2542.Maximum Subsequence Score

Greedy, Array, Sorting, Heap, AMateList · 06 Jul 2024

Problem Statement

link: LeetCode.cn LeetCode You are given two 0-indexed integer arrays nums1 and nums2 of equal length n and a positive integer k. You must choose a subsequence of indices from nums1 of length k.

For chosen indices i0, i1, …, ik - 1, your score is defined as:

The sum of the selected elements from nums1 multiplied with the minimum of the selected elements from nums2. It can defined simply as: (nums1[i0] + nums1[i1] +…+ nums1[ik - 1]) * min(nums2[i0] , nums2[i1], … ,nums2[ik - 1]). Return the maximum possible score.

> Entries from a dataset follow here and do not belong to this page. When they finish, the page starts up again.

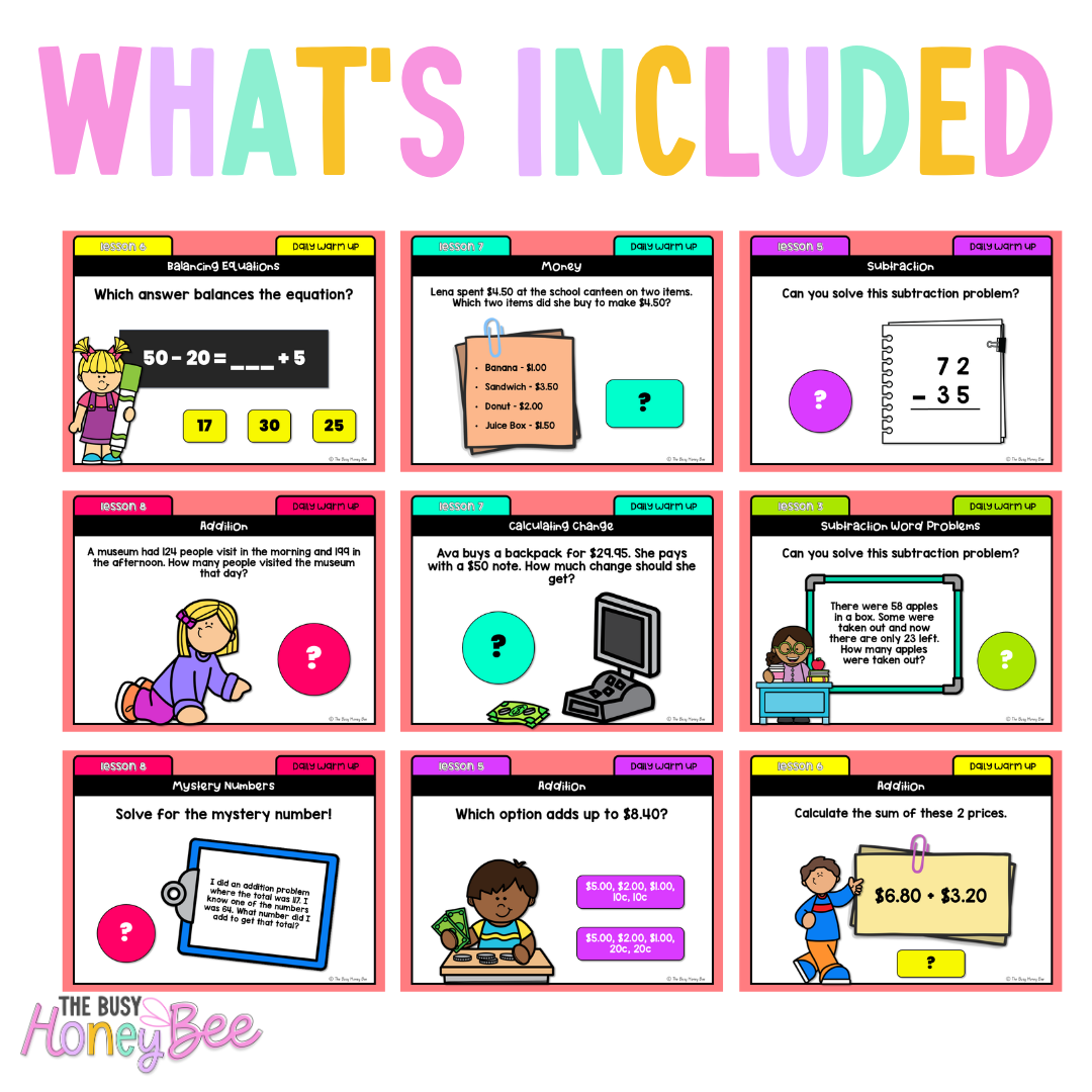 These Maths Daily Warm-Ups have been designed to directly complement the learning concepts explored throughout the NSW Stage 2 Year A Maths Sample Units for the ENTIRE YEAR!
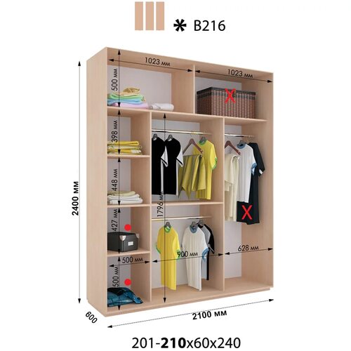 Ниже представлены фотографии с примерами успешного наполнения шкафов купе 2100. Вы сможете найти вдохновение для организации своего пространства и создания удобной системы хранения.
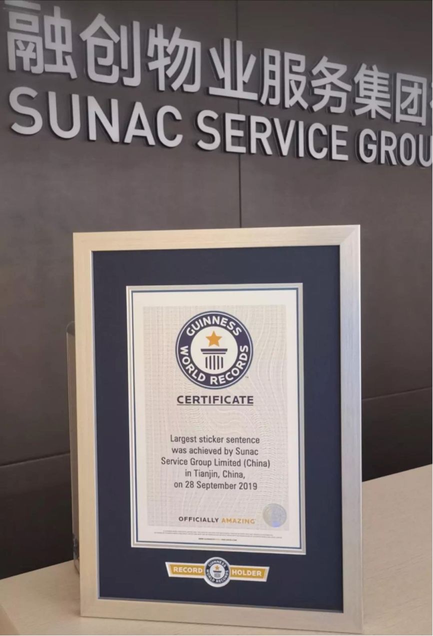 9月28日,天津融创·奥城住宅区。156名融创家人,历时3个多小时,共同完成了由6808块贴纸拼出的“融创归心 至善致美”八个大字——成功打破吉尼斯世界纪录称号“最大的贴纸语句”,并以三倍于原纪录的贴纸数量,获得吉尼斯世界纪录官方认证!
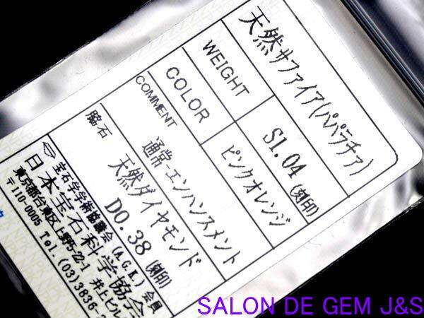 【中石素材】:高級天然パパラチァサファイア(1.04ct)刻印あり
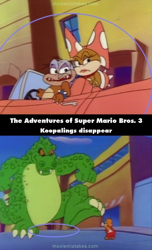 Continuity mistake: When Mario shoots fireballs at Madzilla, the Koopalings and their car disappear. This also happens when Mario says his fire powers are gone. (00:05:34)
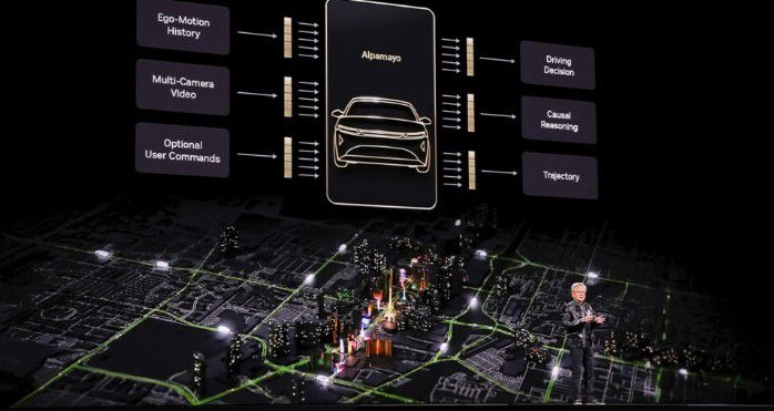 젠슨 황 CEO는 "센서 입력을 받아 조향, 브레이크, 가속을 작동시키는 것에 그치지 않고, 앞으로 수행할 행동에 대해서 추론까지 한다"고 말하며, 혼잡한 샌프란시스코 교통 상황에서 차량이 매끄럽게 주행하는 영상을 소개했다.
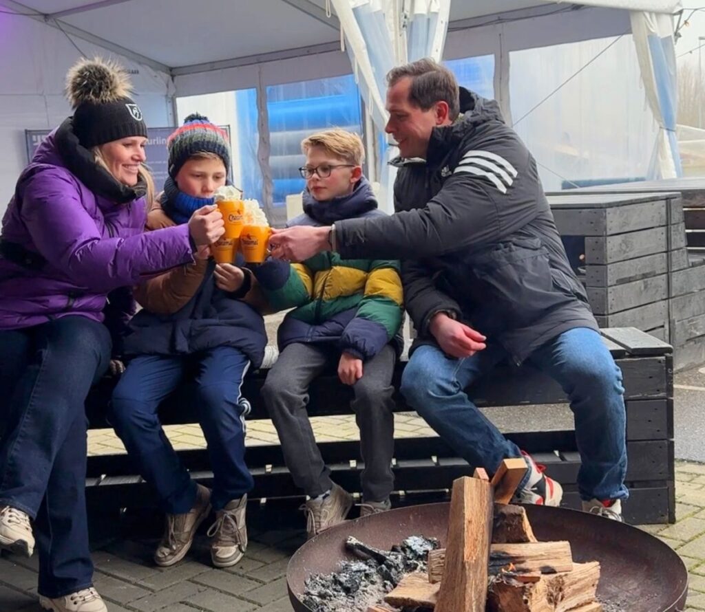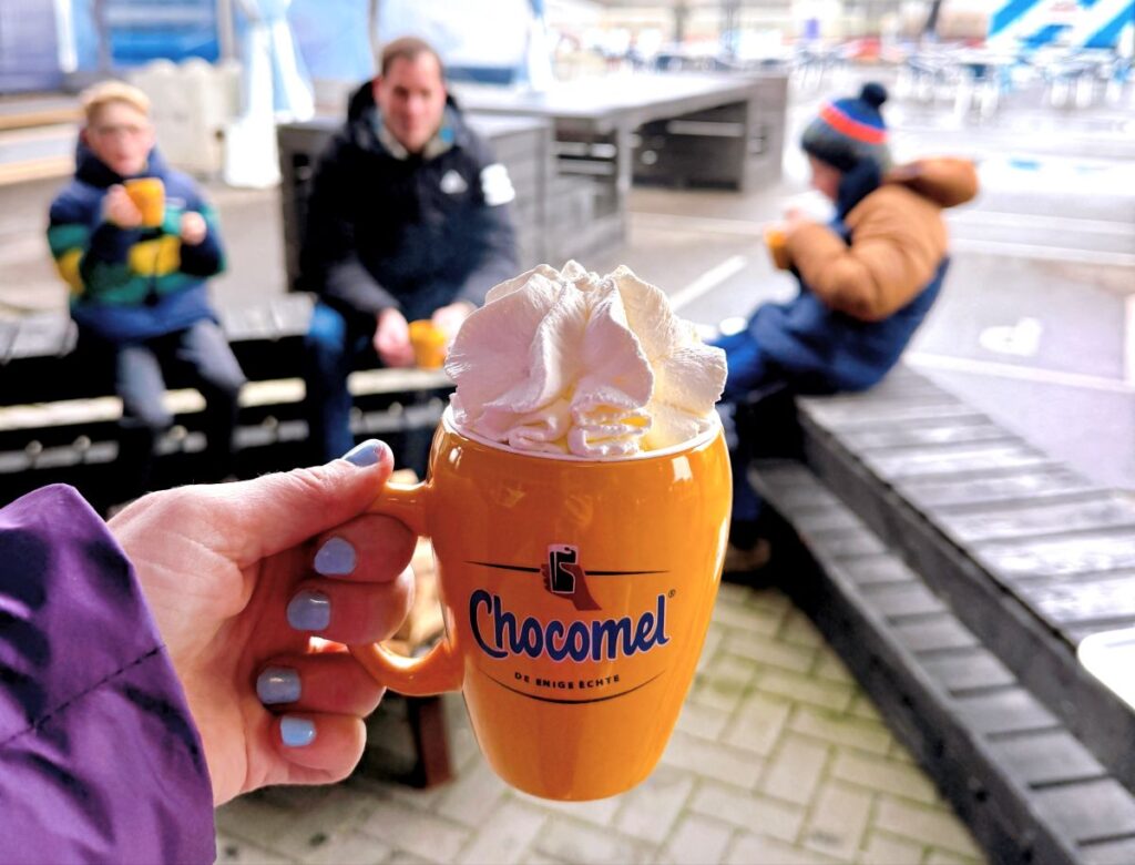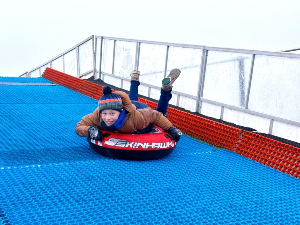 Naarmate we verder liepen, begonnen de jongens te klagen over koude tenen. We besloten op te warmen in het restaurant en even later nipten we met roze wangen en tintelende vingers van een warme chocolademelk met slagroom bij een vuurkorf. Zodra we allemaal weer een beetje waren ontdooit, waren we klaar om nog meer te ontdekken. Het IJsbeelden Festival blijft namelijk niet bij de ijssculpturen alleen. Voor kinderen zijn er binnen en buiten speelplekken om tijdens het bezoek lekker te spelen. Zo gingen we voor het eerst curlen en bleek mijn zoon een verborgen talent te hebben. En de jongens zijn wel 100x van de tubing baan naar beneden gegleden. En natuurlijk ging ik met ze mee. Maar je kunt ook een street art-tentoonstelling bewonderen, souvenirtjes kopen in de shop of genieten van versgebakken poffertjes bij de poffertjeskraam.

A subsequence of indices of an array is a set that can be derived from the set {0, 1, …, n-1} by deleting some or no elements.

Example:

Input: nums1 = [1,3,3,2], nums2 = [2,1,3,4], k = 3 Output: 12

Input: nums1 = [4,2,3,1,1], nums2 = [7,5,10,9,6], k = 1 Output: 30

Solution Approach

To maximize the subsequence score, we sort pairs of elements from nums1 and nums2 by nums2 in descending order, use a heap to track the top k elements from nums1, and dynamically calculate the sum and the product with the current minimum of nums2 values.

Algorithm

Sorting: Sort pairs of elements from nums1 and nums2 by the values of nums2 in descending order to prioritize larger multipliers.
Heap Management: Use a min-heap to maintain the top k elements from nums1 for efficient retrieval and updates as we iterate through the sorted pairs.
Dynamic Calculation: Continuously calculate the subsequence sum from the heap and update the maximum possible score by multiplying this sum with the current minimum value from nums2 as we process each pair.

Implement

    class Solution:
        def maxScore(self, nums1: List[int], nums2: List[int], k: int) -> int:
            # a = sorted(zip(nums1, nums2), key = lambda p: -p[1])
            # h = [x for x, _ in a[:k]]
            # heapify(h)
            # s = sum(h)
            # ans = s * a[k - 1][1]
            # for x, y in a[k:]:
            #     if x > h[0]:
            #         s += x - heapreplace(h, x)
            #         ans = max(ans, s * y)
            # return ans
            a = sorted(zip(nums1, nums2), key=lambda p: -p[1])
            h = [x for x, _ in a[:k]]
            heapify(h)
            s = sum(h)
            ans = s * a[k - 1][1]
            
            for x, y in a[k:]:
                if x > h[0]:
                    s += x - heappop(h)
                    heappush(h, x)
                    ans = max(ans, s * y)
            
            return ans